The "wealthy" characters in these short dramas seemed downright inhuman. Lines like, "Hey, stop swinging on the chandelier inside the house!"—when the person was clearly already dead, tongue lolling out—yet the script insisted it was just "swinging." Ridiculous? Absolutely. But oh, so fun to watch.

As she had declared when her daughter left earlier, Madam Du refused to step out of the room today. After all the effort she’d put into securing this cozy space, her sweet, soft "daughter-chan" had just up and vanished.

Boo-hoo… How cruel! All her hard work and tears—what had they been for? No way she was leaving now. She had to make this worth it!

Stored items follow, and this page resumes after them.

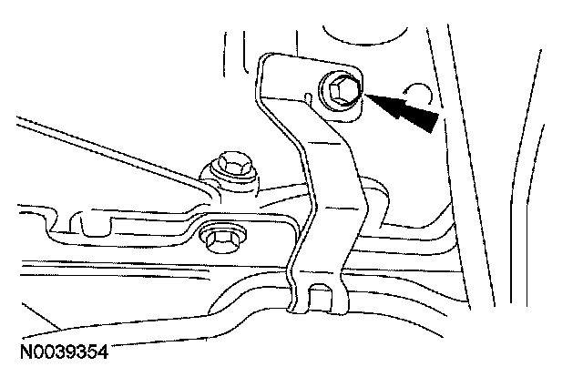 8. Remove the bolt retaining the line routing bracket to the engine and remove the transmission fluid cooler tube(s).
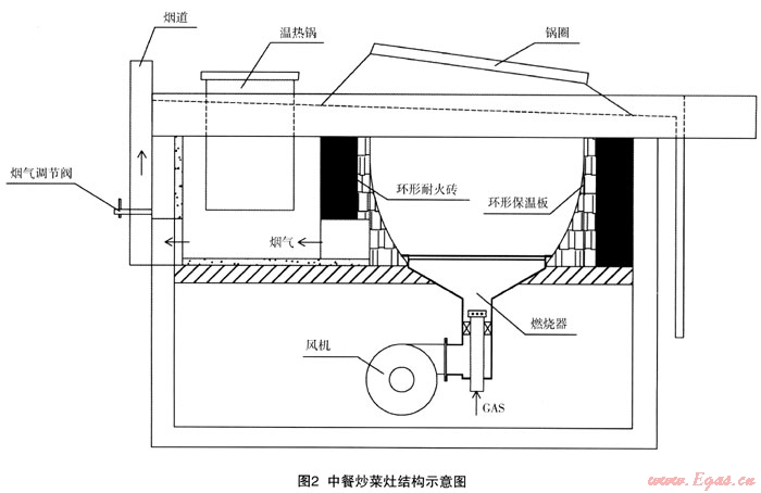 圖2為中餐灶結(jié)構(gòu)示意岡,爐膛結(jié)構(gòu)主要影響煙氣對流換熱,煙氣主要分為兩部分:一是經(jīng)鍋圈排煙氣,其對熱效率影響較大;二是經(jīng)煙道排炯氣,其一般加熱溫鍋灶后再排出,排煙溫度約在200℃以上。經(jīng)過鍋圈流出煙氣主要是以對流方式加熱鍋底和鍋側(cè),提高速度有利于提高對流換熱,則鍋與爐膛耐火保溫材料間隙、鍋圈與鍋之間間隙成為重要因素。另外,兩股氣流的分配也影響到中餐灶的熱效率。
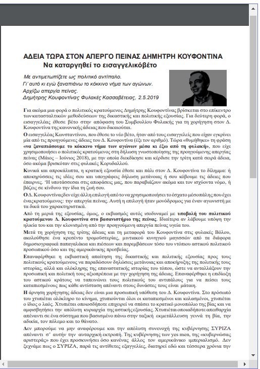 Η ομάδα των ατόμων υποχρέωσε την συντακτική ομάδα της ιστοσελίδας aygi.gr, να ανεβάσουν και κείμενο για τον Κουφοντίνα.Δείτε την ανάρτηση:
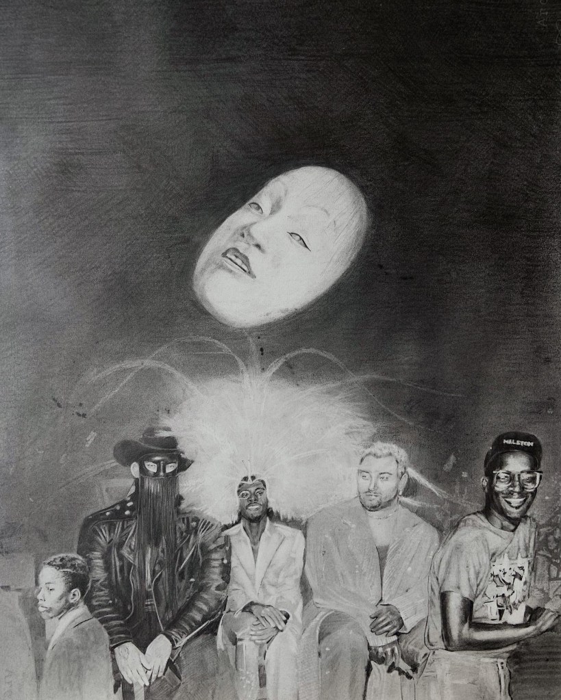 Masque.s, Korey Wise, Orville Peck, Montero, Sam Smith, Tony Hughs, 2023, crayon sur papier, 76 x 56 cm
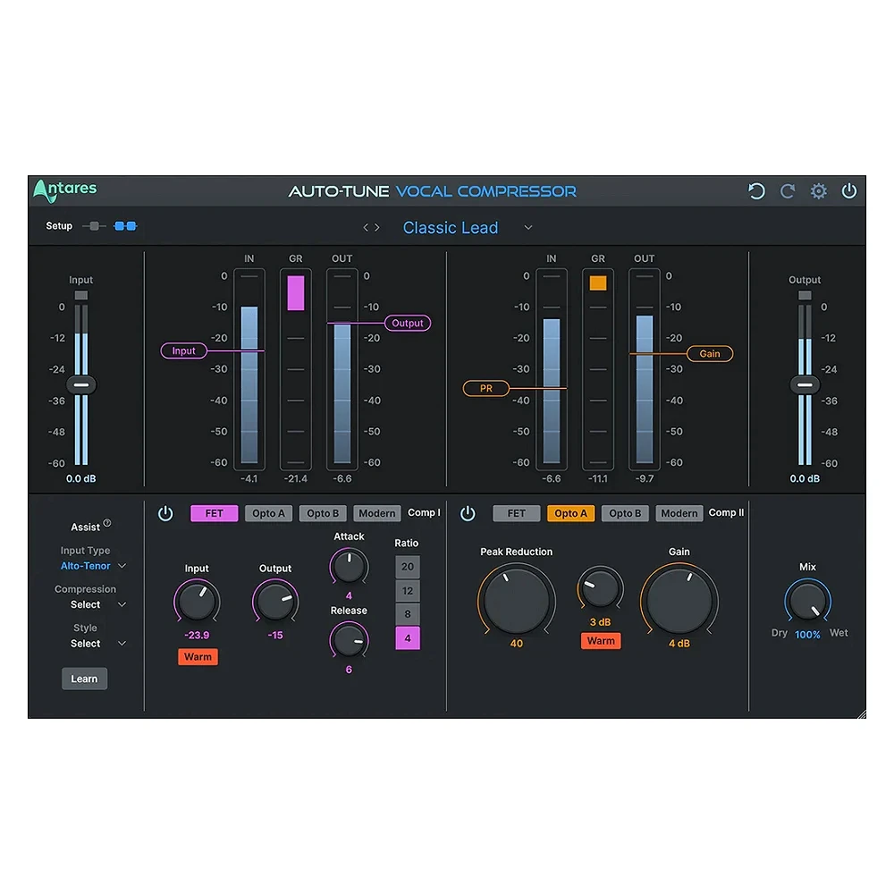 AutoTune Vocal Compressor, de Antares, es el primer plugin de compresión vocal de doble etapa potenciado por machine learning. Diseñado para brindar control dinámico preciso y carácter profesional a cualquier interpretación vocal, este plugin ofrece desde una compresión sutil y musical en modo de etapa única hasta una combinación avanzada de procesamiento en modo dual. Su motor inteligente analiza el audio en tiempo real, ajustando automáticamente los parámetros para resultados rápidos y efectivos.
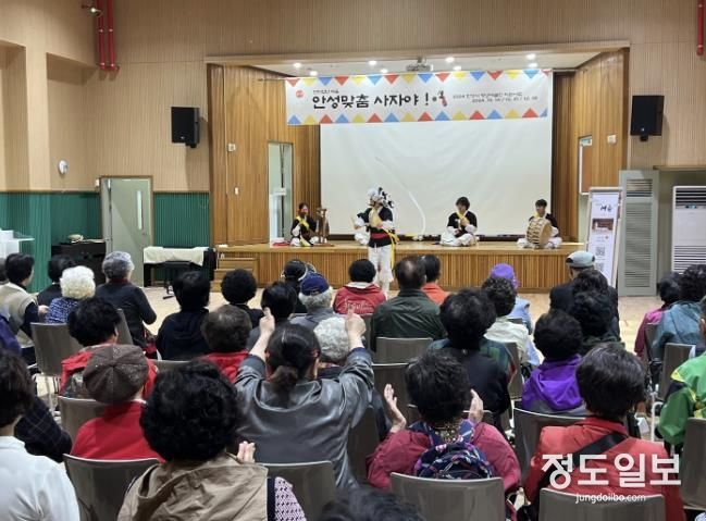 이번 ‘안성맞춤 사자야’는 사물판굿, 사자탈춤, 대동놀이 및 버나놀이까지 다채로운 전통 기예를 담아 어르신들과 소통하고 함께 춤추고 손뼉 치며 긍정 에너지를 전달 하는 무대로 진행됐다.
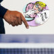 This La-Di-Da Lady Ping Pong Paddle is sure to bring a smile to the face of any ping pong lover. The design features a delightfully quirky woman with blonde hair piled on her head wearing a pink bow, cat-eye glasses, a pink and white zebra print collar and blue dress. One white gloved hand is resting on her pink lips as if she is suppressing a giggle. The speech bubble near her says, "Ping Pong!" The woman and speech bubble are both on a lavender and white background.
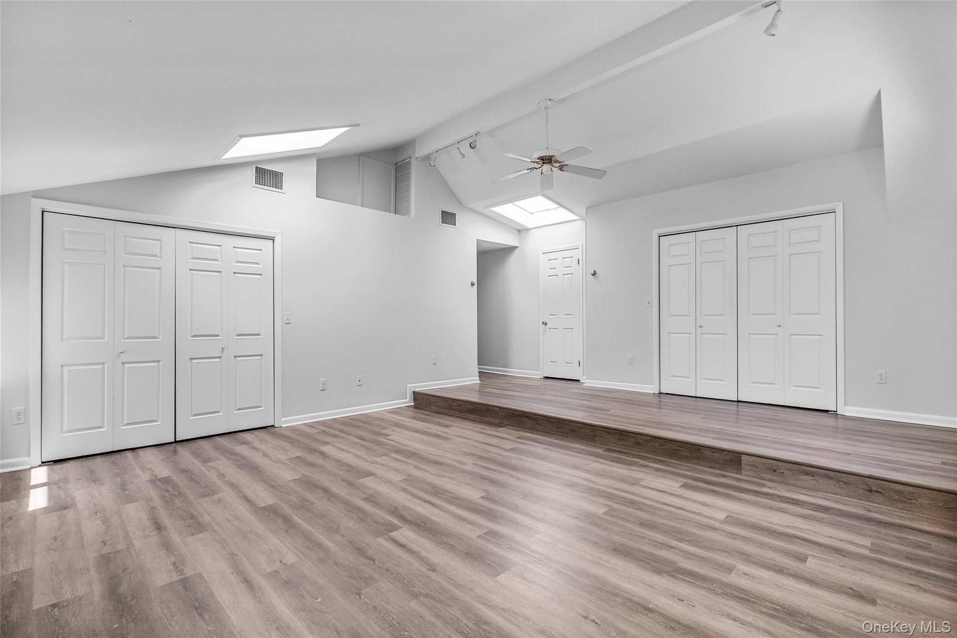 - Unfurnished bedroom with a skylight, two closets, light wood-type flooring, and ceiling fan

And so, Madam Du settled in, even bringing over her usual relaxation kit for lazy days, waiting for her darling Little Hanhan to return.

Just moments ago, she’d received insider news: her daughter had stormed off to school to "steal a man." That’s my girl! Little Hanhan was finally showing the spirit of a true heir—grabbing what she wanted and claiming it as her own!

Seeing her Little Hanhan finally embrace her role as the family’s successor after all these years had Madam Du practically vibrating with excitement.

Honestly, it had been hopeless before. For the longest time, her daughter had acted like some ascetic monk—never fighting, never competing. Where was the fire of a true heir?

But now, a spark of ferocity had finally emerged. Madam Du’s eyes gleamed with dreams of restoring the Du family’s glory. How that fire had been ignited didn’t matter—if it took stealing a man, so be it. There were worse things.

Otherwise, with her daughter’s passive nature, she might’ve missed her chance and spent a lifetime drowning in regret.

That’s my Little Hanhan—already sweet-talking the guy into coming home! Now it was time for her dear old mom to deliver the ultimate assist.

Just wait, Little Hanhan. Let me show you what a grand slam looks like—no, scratch that—what a supercharged wingman looks like!

Under the influence of those addictive short dramas, Madam Du’s mind had begun to warp. She was now fantasizing about playing matchmaker for her daughter, just like those saccharine romance leads in the shows. She’d fully morphed into a drama-fueled schemer.

Whether the young mistress was willing or not? Well, that didn’t seem to factor into Madam Du’s plans.

Ding-dong!

The vibration from her phone snapped Madam Du out of her daze.

"Head of the family, the person has been picked up!" The message was sent by "Little Lanlan," a contact in Madam Du's phone, accompanied by a photo. Du Wanyi narrowed her eyes and scrutinized the image, zooming in on the details.

And then... she saw an impossibly handsome incubus sprawled across her daughter's lap, seemingly getting his ears cleaned?

Huh?

HUH?!

Du Wanyi's squinted eyes flew wide open in shock. She bolted upright, abandoning her comfortable reclined position, and stared unblinkingly at the photo on her phone.

"He’s already getting his ears cleaned? That’s way too comfortable!"

Her tone dripped with envy toward Ye Cheng. After all these years, she had never once enjoyed Little Hanhan’s ear-cleaning service—yet Ye Cheng got to experience it first? Unfair!!!

Without even meeting him yet, Du Wanyi had already scribbled Ye Cheng’s name into her little black book of grievances. How dare someone else get ahead of her—even her own daughter—in enjoying such a privilege!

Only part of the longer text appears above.